Whitfield John B
QIMR Berghofer Medical Research Institute, Brisbane, Australia.
Clin Biochem Rev. 2014 Feb;35(1):15-36.
Many biochemical traits are recognised as risk factors, which contribute to or predict the development of disease. Only a few are in widespread use, usually to assist with treatment decisions and motivate behavioural change. The greatest effort has gone into evaluation of risk factors for cardiovascular disease and/or diabetes, with substantial overlap as 'cardiometabolic' risk. Over the past few years many genome-wide association studies (GWAS) have sought to account for variation in risk factors, with the expectation that identifying relevant polymorphisms would improve our understanding or prediction of disease; others have taken the direct approach of genomic case-control studies for the corresponding diseases. Large GWAS have been published for coronary heart disease and Type 2 diabetes, and also for associated biomarkers or risk factors including body mass index, lipids, C-reactive protein, urate, liver function tests, glucose and insulin. Results are not encouraging for personal risk prediction based on genotyping, mainly because known risk loci only account for a small proportion of risk. Overlap of allelic associations between disease and marker, as found for low density lipoprotein cholesterol and heart disease, supports a causal association, but in other cases genetic studies have cast doubt on accepted risk factors. Some loci show unexpected effects on multiple markers or diseases. An intriguing feature of risk factors is the blurring of categories shown by the correlation between them and the genetic overlap between diseases previously thought of as distinct. GWAS can provide insight into relationships between risk factors, biomarkers and diseases, with potential for new approaches to disease classification.

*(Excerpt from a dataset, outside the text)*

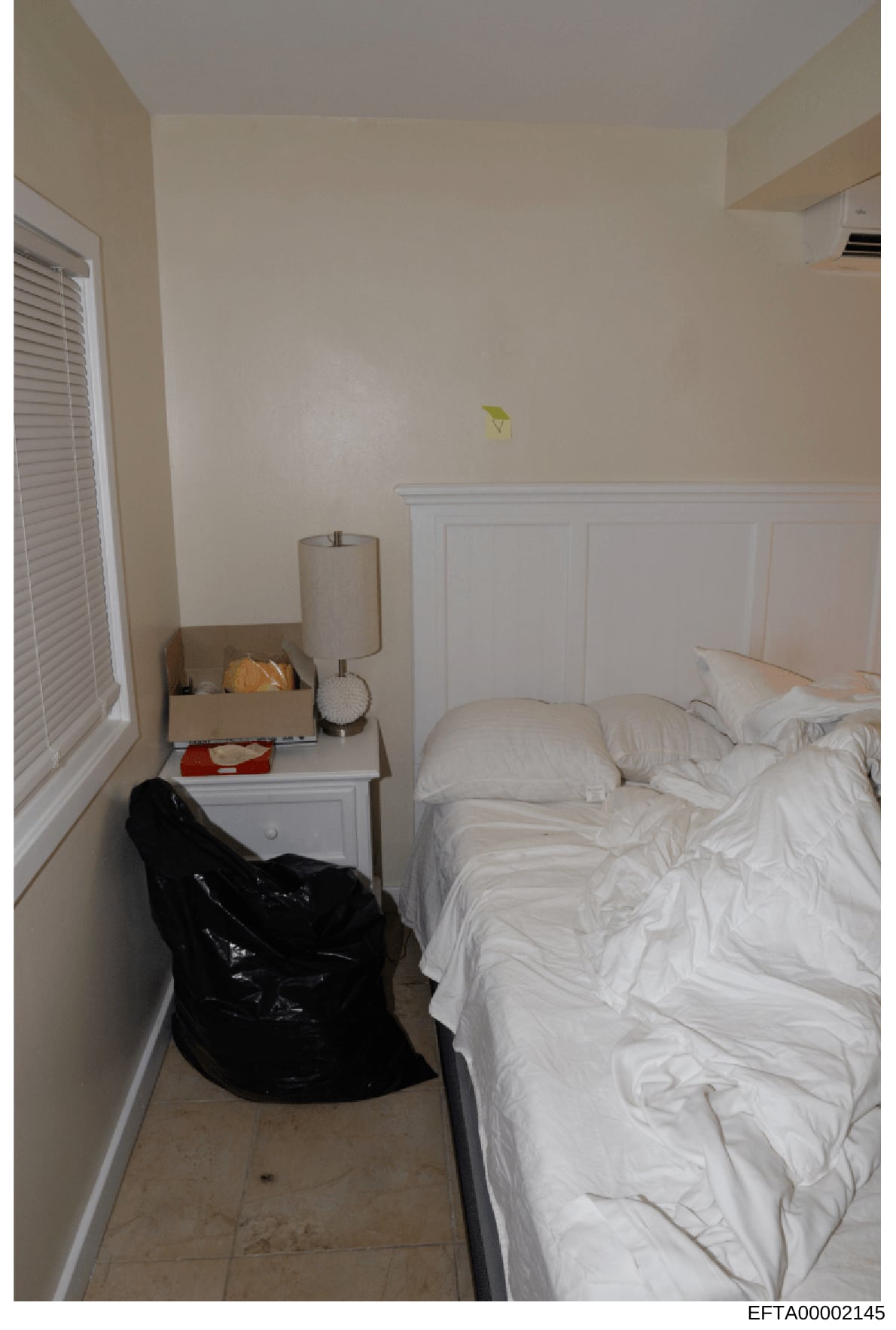 This is a photograph of a bedroom interior showing a bed with white linens, a bedside table with a lamp and various items, a black bean bag chair, venetian blinds on a window, and cream-colored walls with white wainscoting. The photo appears to be evidence documentation from the investigation, showing a residential bedroom space.

许多生化特征被认为是风险因素,它们促成或预测疾病的发展。只有少数几种被广泛应用,通常用于辅助治疗决策和推动行为改变。人们在评估心血管疾病和/或糖尿病的风险因素方面付出了最大努力,这些因素大量重叠,构成了“心脏代谢”风险。在过去几年中,许多全基因组关联研究(GWAS)试图解释风险因素的变异,期望识别相关多态性能够增进我们对疾病的理解或预测;其他研究则采用针对相应疾病的基因组病例对照研究的直接方法。已经发表了关于冠心病和2型糖尿病以及包括体重指数、血脂、C反应蛋白、尿酸、肝功能检查、血糖和胰岛素在内的相关生物标志物或风险因素的大型GWAS。基于基因分型进行个人风险预测的结果并不令人鼓舞,主要是因为已知的风险位点仅占风险的一小部分。疾病与标志物之间等位基因关联的重叠,如低密度脂蛋白胆固醇与心脏病之间的关联,支持因果关系,但在其他情况下,基因研究对公认的风险因素提出了质疑。一些位点对多种标志物或疾病显示出意想不到的影响。风险因素的一个有趣特征是它们之间的相关性以及以前被认为是不同疾病之间的基因重叠所显示的类别模糊性。GWAS可以深入了解风险因素、生物标志物和疾病之间的关系,为疾病分类的新方法提供潜力。